- What you have to do:
Using the records below, repeat exactly the lines from the one holding "При включении магнитного" through the one holding "Blomstermotiv udført i", both ends included, and no others.

- Input material:
----
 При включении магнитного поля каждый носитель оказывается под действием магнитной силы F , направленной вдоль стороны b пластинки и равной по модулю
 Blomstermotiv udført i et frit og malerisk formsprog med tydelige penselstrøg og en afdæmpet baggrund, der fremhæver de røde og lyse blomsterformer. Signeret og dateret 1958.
----
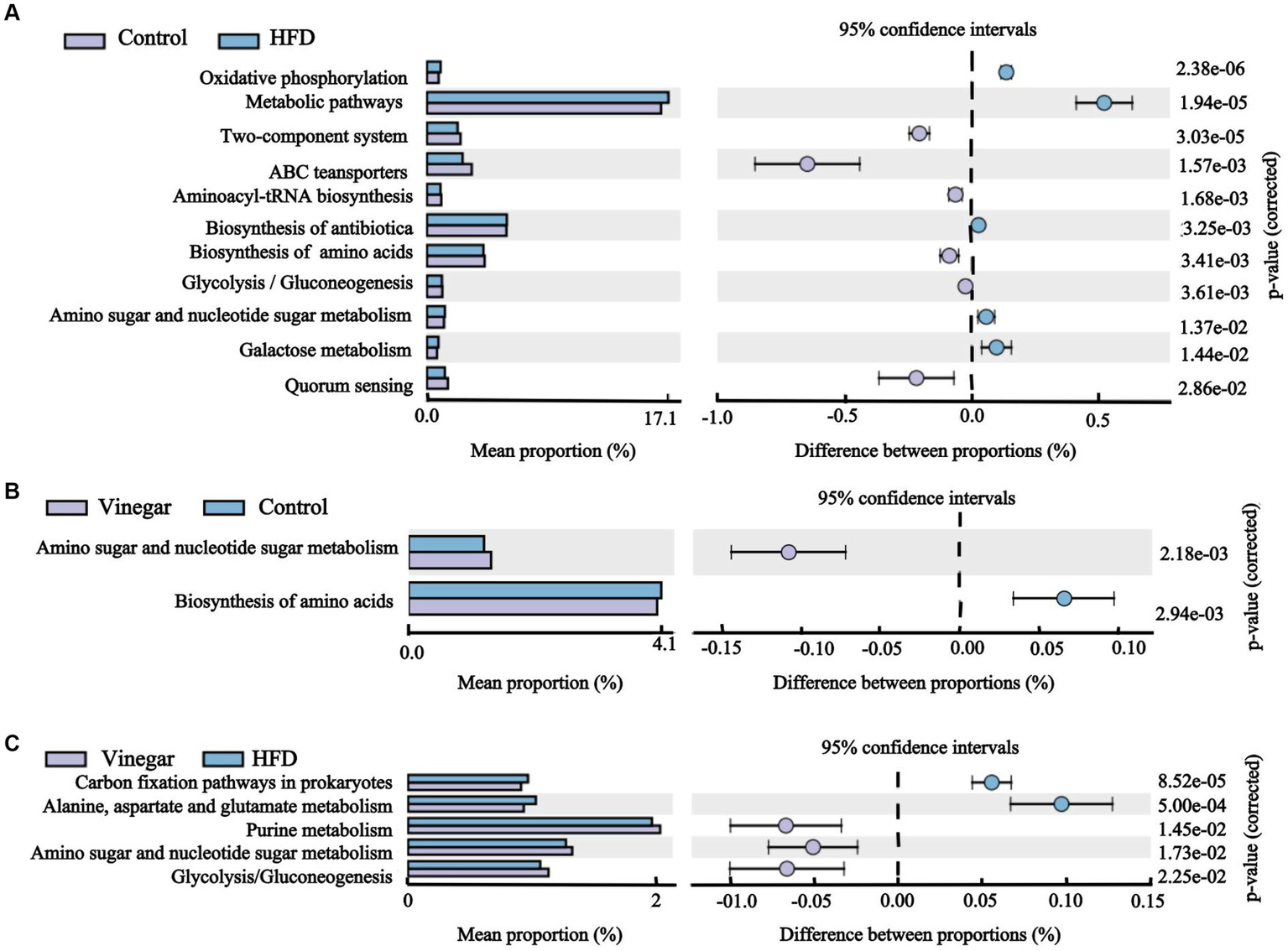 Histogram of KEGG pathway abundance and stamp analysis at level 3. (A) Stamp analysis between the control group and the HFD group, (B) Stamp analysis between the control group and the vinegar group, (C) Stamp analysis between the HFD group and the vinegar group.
----
- Result of this task:
 При включении магнитного поля каждый носитель оказывается под действием магнитной силы F , направленной вдоль стороны b пластинки и равной по модулю
 Blomstermotiv udført i et frit og malerisk formsprog med tydelige penselstrøg og en afdæmpet baggrund, der fremhæver de røde og lyse blomsterformer. Signeret og dateret 1958.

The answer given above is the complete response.